Task description
From the line containing "Today Bio》(中科院一区,IF=10.2)发表题为《Thermosensitive hydrogel" to the line containing "Cal. 38 S&W" in the entries below, reproduce every line exactly, ends included. Nothing else belongs in the copy, and no pictures.

Available data
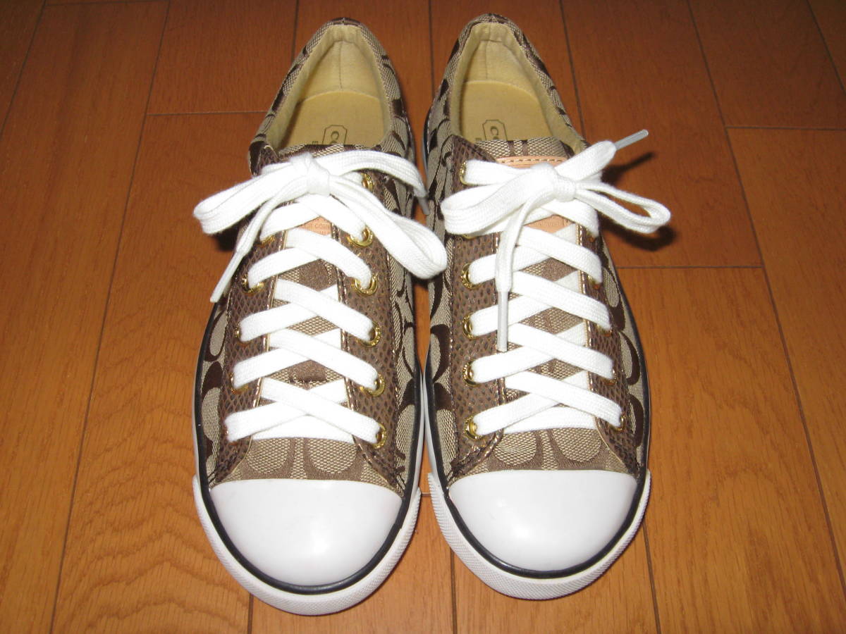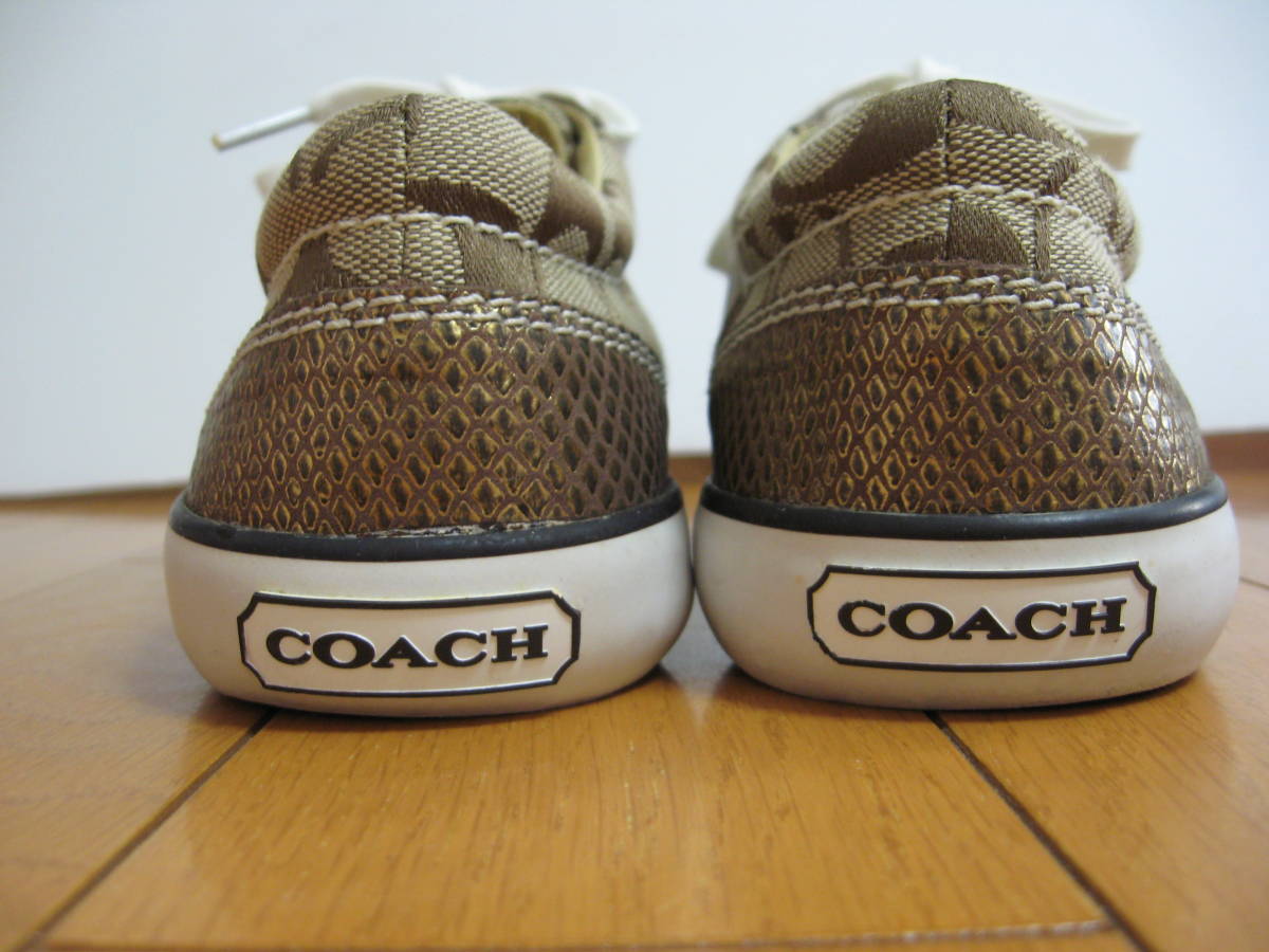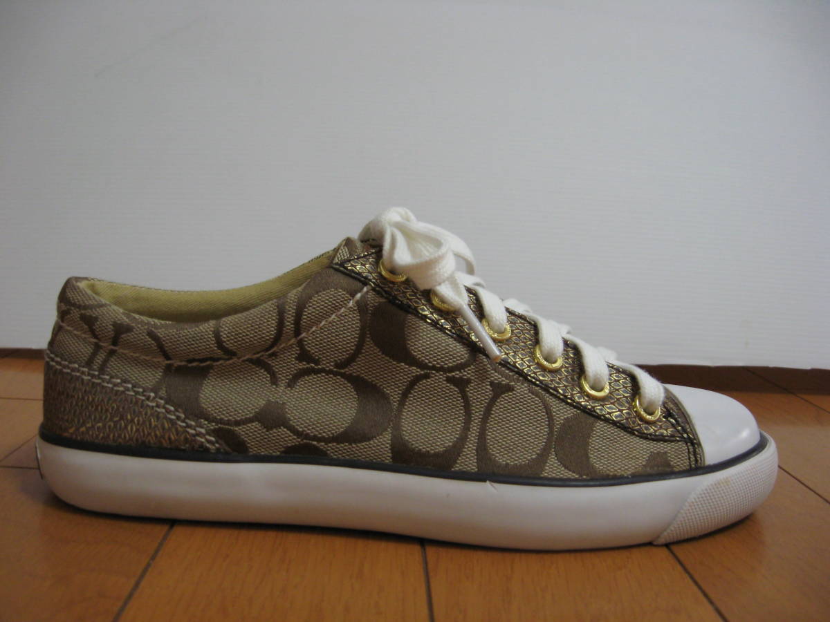 即決 コーチ COACH ローカットスニーカー 23.5cm ロゴ入りシグネチャース ベージュxゴールド
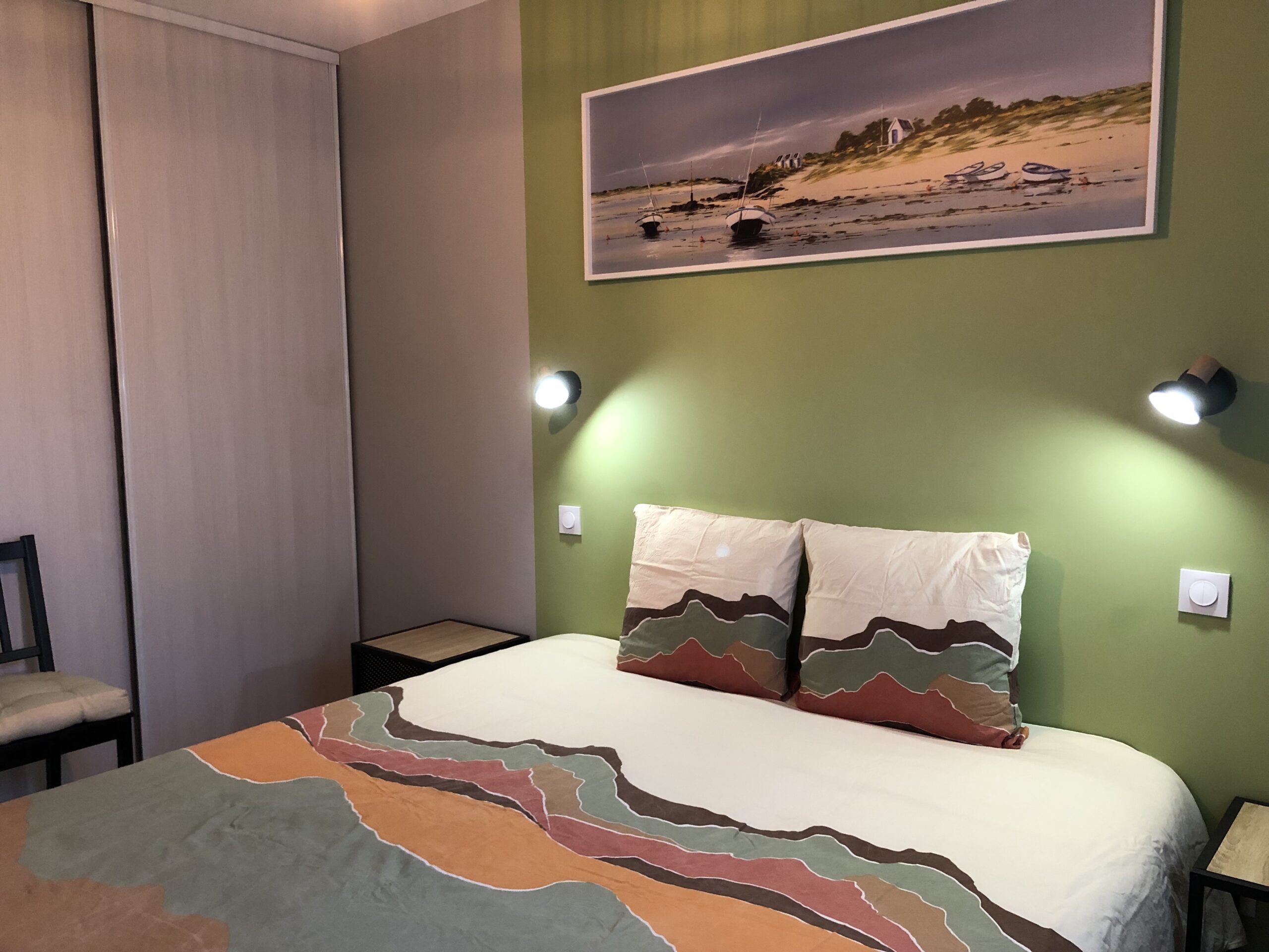 Chambre 12.15m² : lit 180×200 ou 2 lits 90×200 de grande qualité, linge de lit fourni, il est fait à votre arrivée.
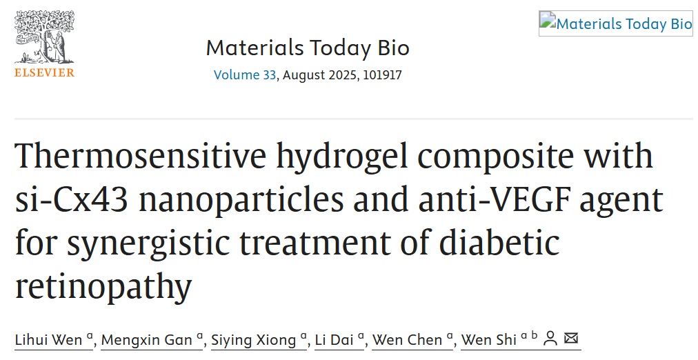 近日,中南大学湘雅二医院眼科施雯团队在国际权威期刊《Materials Today Bio》(中科院一区,IF=10.2)发表题为《Thermosensitive hydrogel composite with si-Cx43 nanoparticles and anti-VEGF agent for synergistic treatment of diabetic retinopathy》的研究论文。该研究创新性地开发了一种负载si-Cx43纳米颗粒与抗VEGF药物的温敏水凝胶复合系统,为糖尿病视网膜病变(DR)的治疗提供了可能的突破性解决方案。
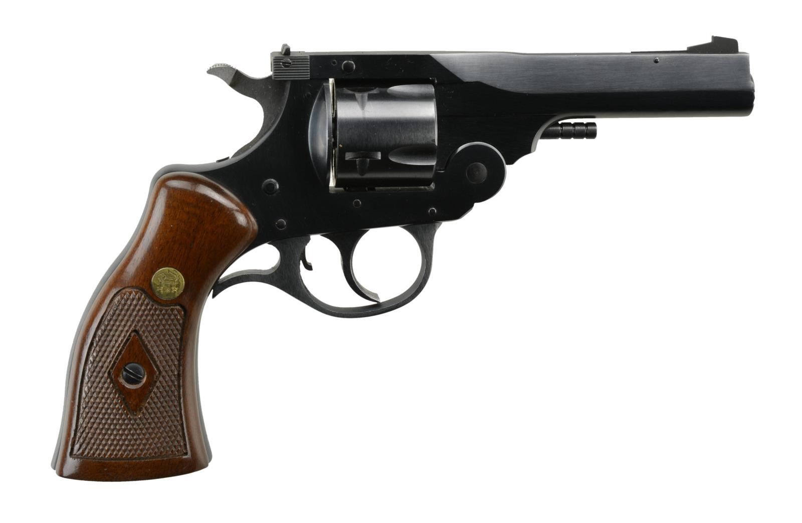 Cal. 38 S&W S# AH68779 Bbl.4" w/ patridge front and adjustable rear sights. Blued finish. Top break action, double action revolver. Fluted 5-shot cylinder w/ manual ejector. Checkered walnut grips w/ gold H&R medallions. CONDITION: Bluing retains full coverage w/ very little sign of use, aside from thin drag line on cylinder. Bright bore w/ strong rifling. (22-2431/JZ). CURIO. $100-200
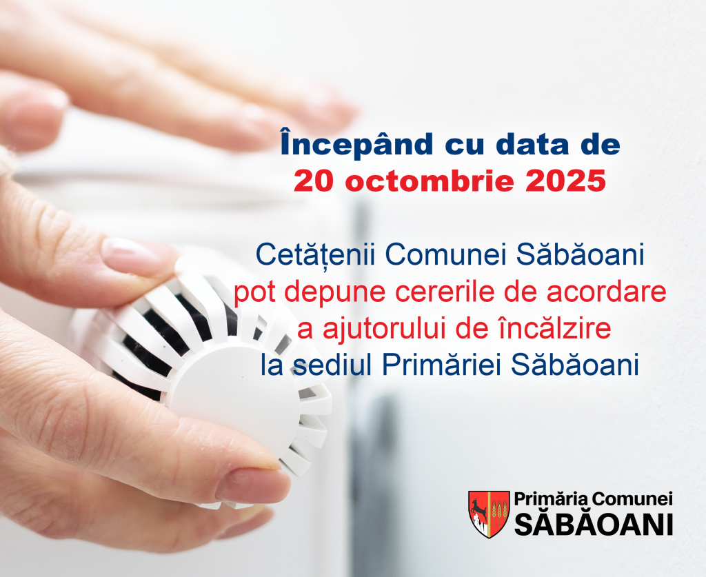 ÎNCEPÂND CU DATA DE 20 OCTOMBRIE 2025 SE VOR DISTRIBUI CERERILE PENTRU OBȚINEREA AJUTORULUI DE ÎNCĂLZIRE ȘI A SUPLIMENTULUI PENTRU ENERGIE ( FORMULARELE SE GĂSESC LA SEDIUL PRIMĂRIEI).
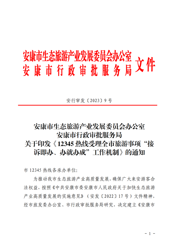 為推動我市生態(tài)旅游產(chǎn)業(yè)高質(zhì)量發(fā)展,確保廣大來安游客合法權(quán)益,按照《中共安康市委安康市人民政府關(guān)于加快生態(tài)旅游產(chǎn)業(yè)高質(zhì)量發(fā)展的實施意見》(安發(fā)〔2022〕17號)文件精神,經(jīng)市旅發(fā)委辦公室、市行政審批服務(wù)局研究,決定建立《安康市12345熱線受理全市旅游事項“接訴即辦、辦就辦成”工作機(jī)制》,請認(rèn)真抓好貫徹落實。eHU安康新聞網(wǎng)
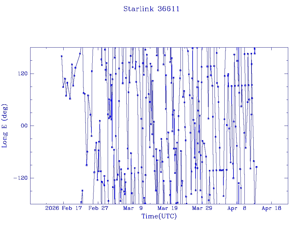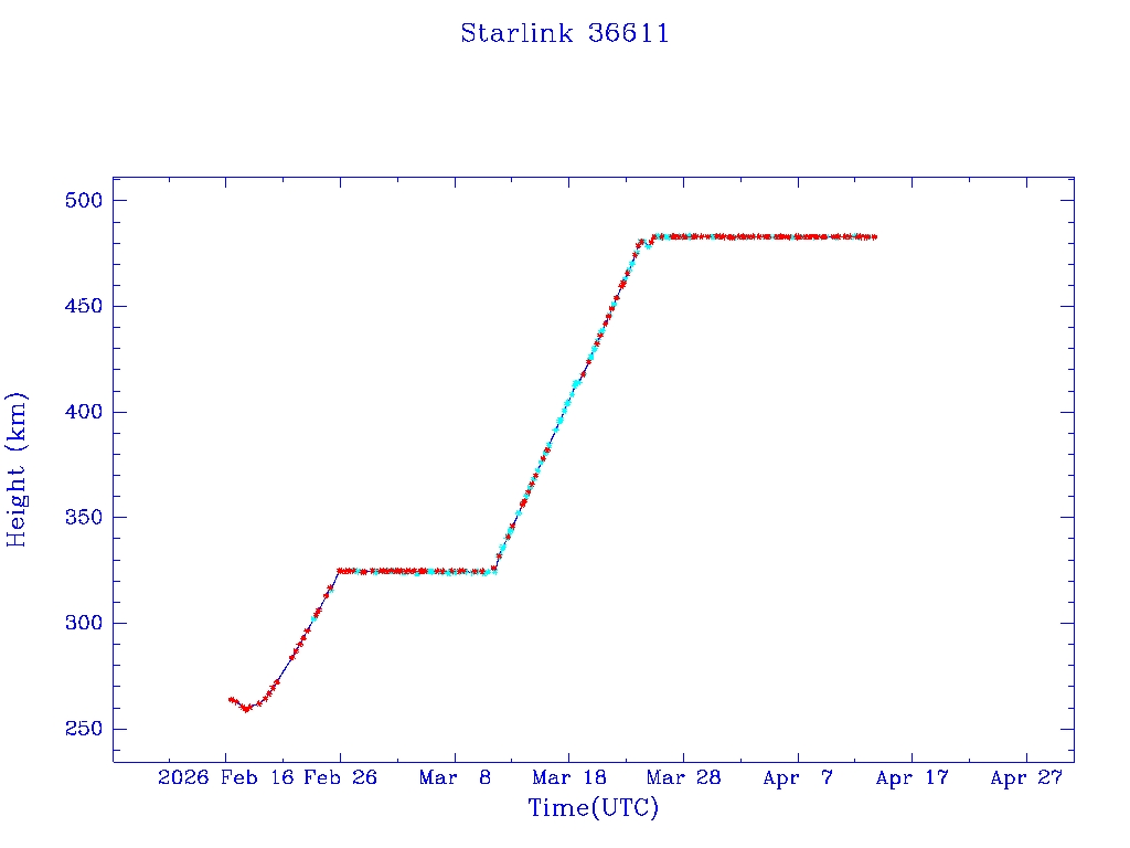 | Starlink 36611 | S67830 | O | 2026 Feb 16 | * | - |  |  |  |
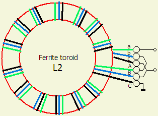 L2 maken met een ringkern of ferrietstaaf van een AM radio gaat het ook, maar het is dan beter om een trifilaire spoel te maken en de drie spoelen in serie te schakelen.
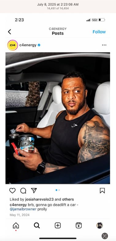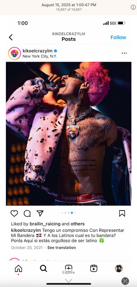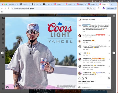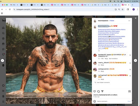 Screenshots above: Musicians and athletes with lion/big cat tattoos. Fourth is a Colombian celebrity musician who wears fur coats at his concerts, a recent trend with pop stars, and has luxury brand product placements on his Instagram that’s criminally influenced, I’m sure.
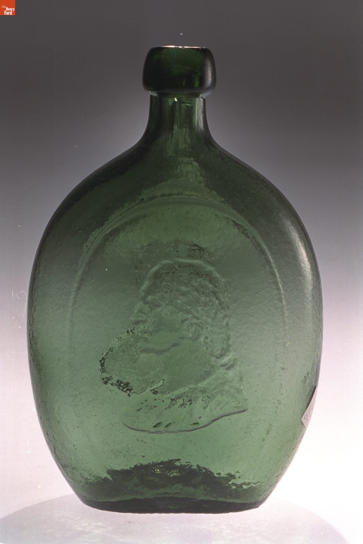 Whether depicted as commander-in-chief, the first president of the United States, or a symbol of the republic, George Washington is a common likeness on early American flasks. Washington appears on 72 recorded flask designs--more than any other person. This example depicts Washington as a classical statesman with major general Zachary Taylor, who became the 12th United States president in 1849.
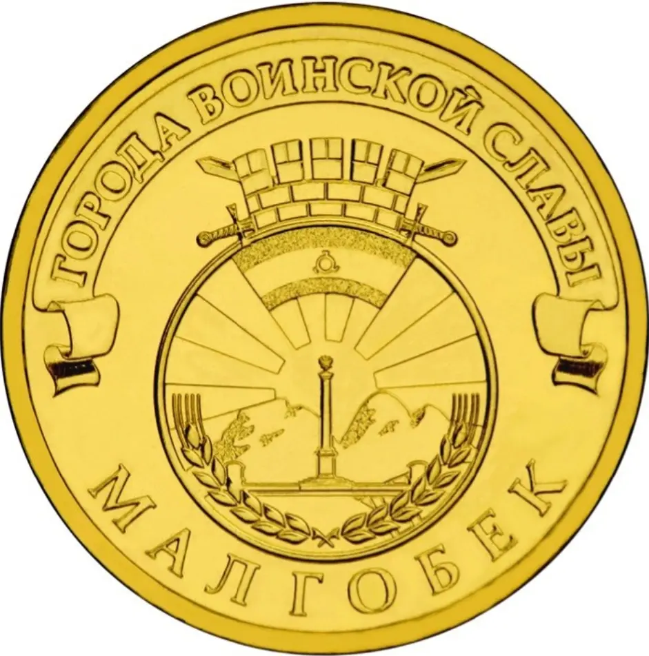 герб города Малгобека, над ним, на ленте - надпись полукругом: "ГОРОДА ВОИНСКОЙ СЛАВЫ", внизу, вдоль канта - надпись: "МАЛГОБЕК".

Reply to the exercise
 近日,中南大学湘雅二医院眼科施雯团队在国际权威期刊《Materials Today Bio》(中科院一区,IF=10.2)发表题为《Thermosensitive hydrogel composite with si-Cx43 nanoparticles and anti-VEGF agent for synergistic treatment of diabetic retinopathy》的研究论文。该研究创新性地开发了一种负载si-Cx43纳米颗粒与抗VEGF药物的温敏水凝胶复合系统,为糖尿病视网膜病变(DR)的治疗提供了可能的突破性解决方案。
 Cal. 38 S&W S# AH68779 Bbl.4" w/ patridge front and adjustable rear sights. Blued finish. Top break action, double action revolver. Fluted 5-shot cylinder w/ manual ejector. Checkered walnut grips w/ gold H&R medallions. CONDITION: Bluing retains full coverage w/ very little sign of use, aside from thin drag line on cylinder. Bright bore w/ strong rifling. (22-2431/JZ). CURIO. $100-200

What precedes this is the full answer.